Over nut en nadeel van theologie voor vergiffenisvan den Auweele, D., 2018, In : Tijdschrift voor Theologie. 58, 4, p. 381-396
Research output: Contribution to journal › Article › Academic › peer-review
Do we need a more or less robust theology to be able to understand forgiveness? Philosophers usually speak of forgiveness as an extension of understanding: that which I understand, I can forgive. In this article I will examine this attitude, first, by reading the work of Jankélévitch and Derrida. They believe that only the really unforgivable can be forgiven. This implies that we can only forgive what we cannot understand. To Jankélévitch this means that, on the one hand, the guilty party faces the victim with a pure sense of guilt (and no excuses) and that, on the other, the victim forgives without any further agenda of intentions. Derrida takes this idea of Jankélévitch one step further by pointing out that a sense of guilt cannot be a condition for forgiveness: it would taint the purity of forgiveness. Derrida poses the provocative question: Can someone who feels no remorse be forgiven? His answer is even more provocative: pure forgiveness will forgive the sinner without remorse. Next, this paper shows that both Jankélévitch and Derrida avoid any theological interpretation of forgiveness. They believe that theology will taint the sincere bond between people by simply interposing certain theological ideas between sinner and individual: I forgive because of God, not because of the other person.
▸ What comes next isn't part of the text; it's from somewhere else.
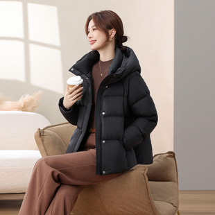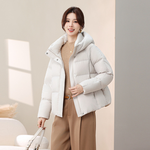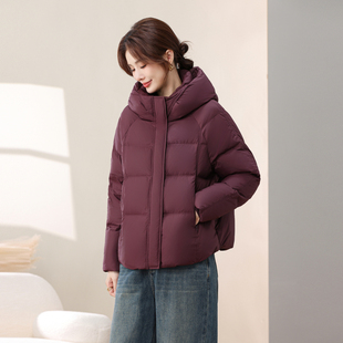 雪中飞2025冬新款 龟背羽绒服连帽简约基础美拉德柔软F 女士短款
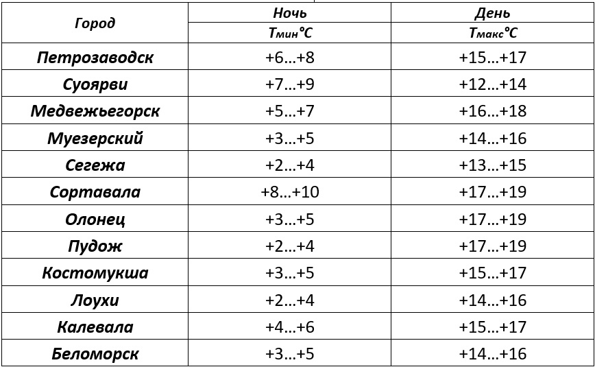 Прогноз погоды по Петрозаводску и городам Карелии на 24.08.2023 по данным центра «Фобос».

I will argue that their reservation about theology is unfortunate. A proper theological understanding of interpersonal relations – which unfortunately, I cannot discuss in more detail here – could offer us an understanding of human dignity that would make forgiveness really effective. The relation between ideas of forgiveness and human dignity is problematic in the works of Jankélévitch and Derrida, because the sinner is not allowed to be accountable, and because the victim is supposed to relinquish any claim to justice. However, when forgiveness takes place in a theological context that guarantees human dignity which fortifies forgiveness with the right concepts, this might just guarantee dignity.